[sql] Select rows having 2 columns equal value

For question 1:

SELECT DISTINCT a.*
  FROM [Table] a
  INNER JOIN
  [Table] b
  ON
  a.C1 <> b.C1 AND a.C2 = b.C2 AND a.C3 = b.C3 AND a.C4 = b.C4

Using an inner join is much more efficient than a subquery because it requires fewer operations, and maintains the use of indexes when comparing the values, allowing the SQL server to better optimize the query before its run. Using appropriate indexes with this query can bring your query down to only n * log(n) rows to compare.

Using a subquery with your where clause or only doing a standard join where C1 does not equal C2 results in a table that has roughly 2 to the power of n rows to compare, where n is the number of rows in the table.

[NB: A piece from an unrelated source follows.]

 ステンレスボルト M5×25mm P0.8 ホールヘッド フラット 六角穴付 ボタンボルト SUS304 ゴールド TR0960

So by using proper indexing with an Inner Join, which only returns records which met the join criteria, we're able to drastically improve the performance. Also note that we return DISTINCT a.*, because this will only return the columns for table a where the join criteria was met. Returning * would return the columns for both a and b where the criteria was met, and not including DISTINCT would result in a duplicate of each row for each time that row row matched another row more than once.

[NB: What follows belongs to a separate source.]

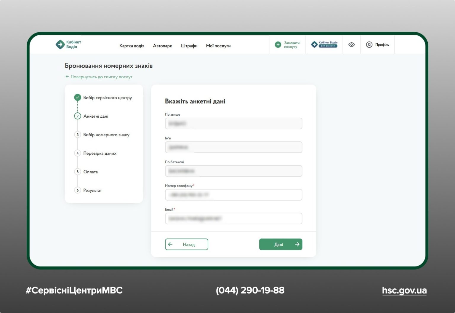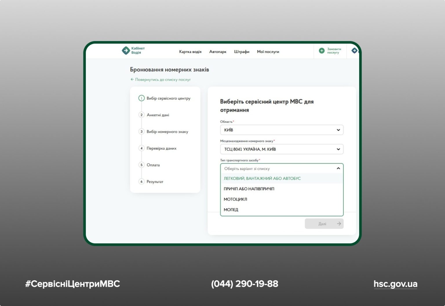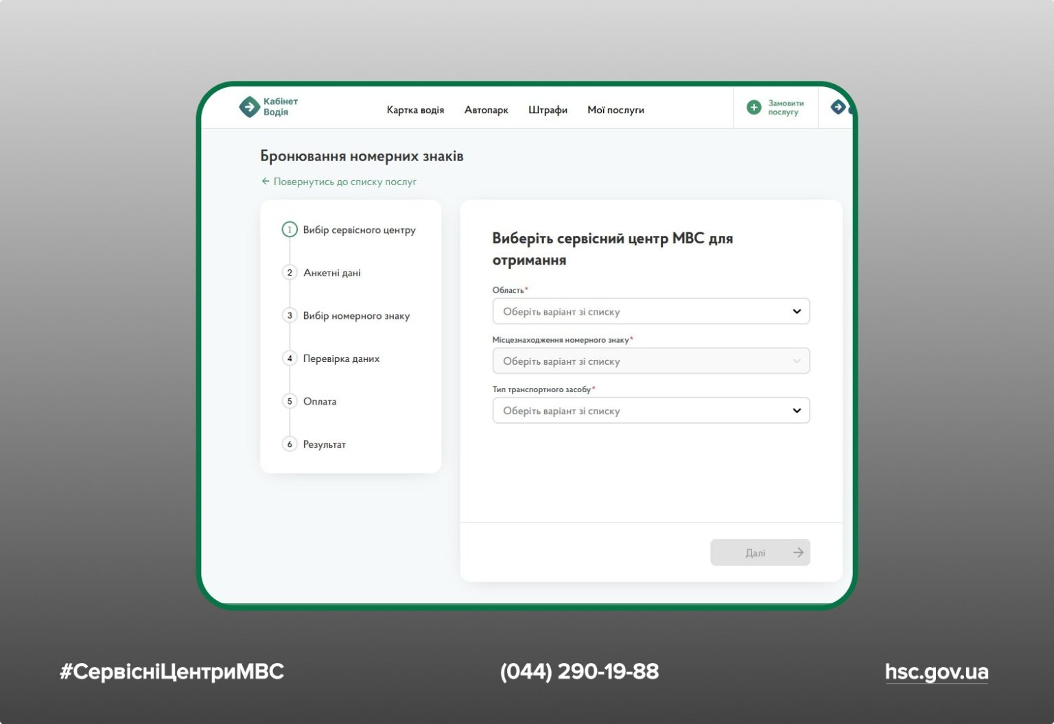 Онлайн-сервіс дозволяє обрати та забронювати бажану комбінацію номерного знака.

A similar approach could also be performed using CROSS APPLY, which still uses a subquery, but makes use of indexes more efficiently.

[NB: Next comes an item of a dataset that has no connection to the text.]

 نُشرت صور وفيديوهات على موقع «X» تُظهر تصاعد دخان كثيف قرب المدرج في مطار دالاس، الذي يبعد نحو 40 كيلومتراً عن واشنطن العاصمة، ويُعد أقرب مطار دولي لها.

An implementation with the keyword USING instead of ON could also work, but the syntax is more complicated to make work because your want to match on rows where C1 does not match, so you would need an additional where clause to filter out matching each row with itself. Also, USING is not compatible/allowed in conjunction with table values in all implementations of SQL, so it's best to stick with ON.

Similarly, for question 2:

SELECT DISTINCT a.*
  FROM [Table] a
  INNER JOIN
  [Table] b
  ON
  a.C1 <> b.C1 AND a.C4 = b.C4

This is essentially the same query as for 1, but because it only wants to know which rows match for C4, we only compare on the rows for C4.